Your instructions:
Below are records with pictures. Transcribe exactly, and only, the lines from the line with "Benjamin's overalls are" to the line with "Create your engagement", both ends included, but not the pictures.

____________

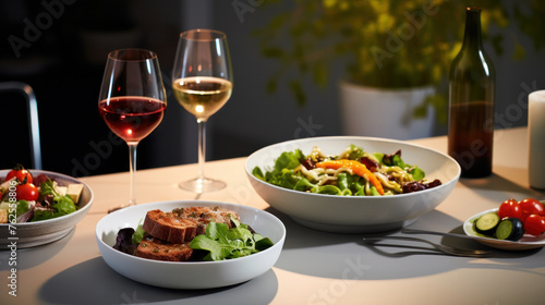 Fine restaurant dinner table place setting: napkin, wineglass, plate, bread and salad.
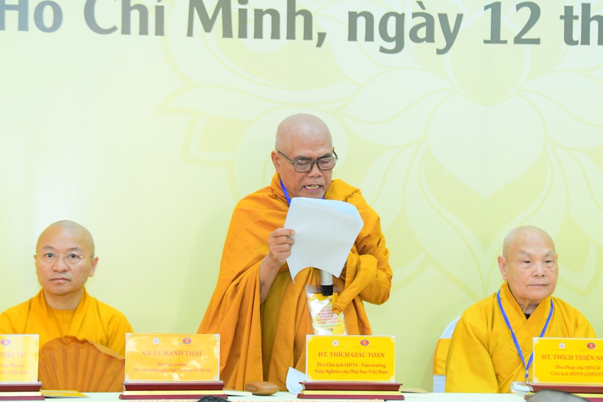 Trong lời phát biểu khai mạc Hội thảo, HT.Thích Giác Toàn đã khái lược tổng quan về nền văn học Phật giáo Việt Nam qua các thời kỳ. Đồng thời nêu lên ý nghĩa và tầm ảnh hưởng của Văn học Phật giáo đối với nền Văn học Dân tộc.
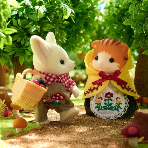 Benjamin's overalls are embroidered with mushrooms, and Milly's cape and apron are embroidered with flowers, perfect for a walk in the forest.
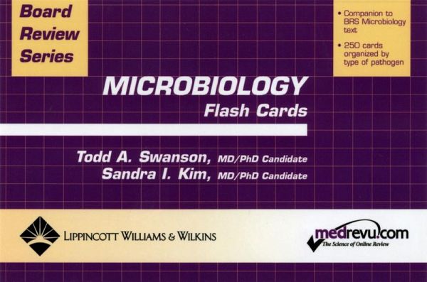 This set of 250 double-sided cards is intended to accompany Johnson's BRS Microbiology and Immunology 4E. The cards consist of a straightforward series of questions and answers intended to help students enrolled in basic science courses and studying for USMLE Step One. Utilizing a short phrase that triggers the recall of an answer, each card asks students to commit a key point to memory before moving on to the next card. In addition they offer a unique advantage to the student by emphasizing the important details, rather than giving equal weight to all information about an organism.
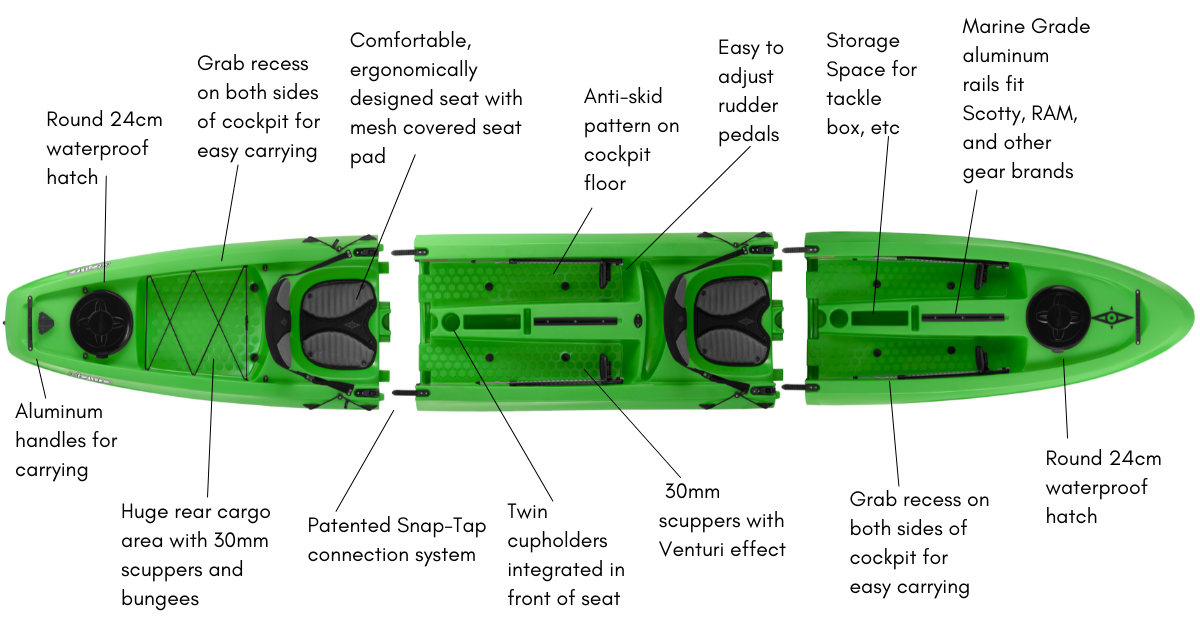 *Recommended weight of paddler: max 200lb person for footwells staying dry - water still drains from scupper plugs but there will be some water splashing in footwells a bit if you exceed this. Not recommended for persons greater than 225lbs
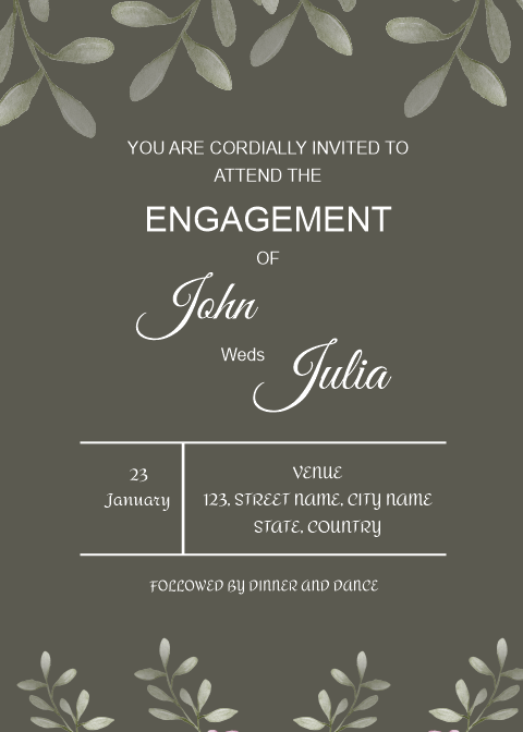 Create your engagement invitation online using this leave pattern Engagement E invite
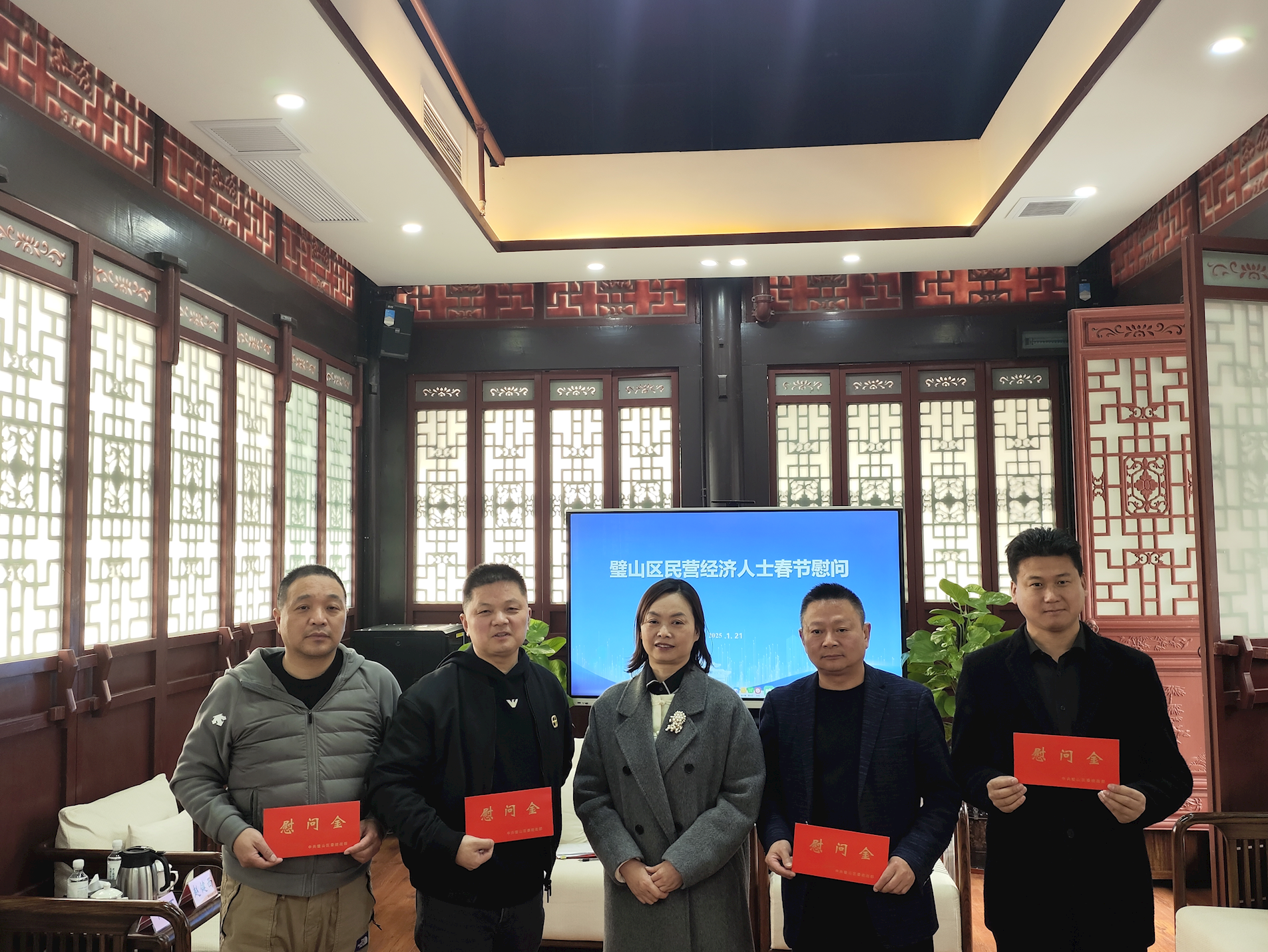 1月21日,區(qū)委統(tǒng)戰(zhàn)部、區(qū)工商聯(lián)在“企業(yè)之家”召開璧山區(qū)民營經(jīng)濟人士春節(jié)慰問活動。全區(qū)民營企業(yè)代表約13名參加了活動。

____________

Reply to the task:
 Benjamin's overalls are embroidered with mushrooms, and Milly's cape and apron are embroidered with flowers, perfect for a walk in the forest.
 This set of 250 double-sided cards is intended to accompany Johnson's BRS Microbiology and Immunology 4E. The cards consist of a straightforward series of questions and answers intended to help students enrolled in basic science courses and studying for USMLE Step One. Utilizing a short phrase that triggers the recall of an answer, each card asks students to commit a key point to memory before moving on to the next card. In addition they offer a unique advantage to the student by emphasizing the important details, rather than giving equal weight to all information about an organism.
 *Recommended weight of paddler: max 200lb person for footwells staying dry - water still drains from scupper plugs but there will be some water splashing in footwells a bit if you exceed this. Not recommended for persons greater than 225lbs
 Create your engagement invitation online using this leave pattern Engagement E invite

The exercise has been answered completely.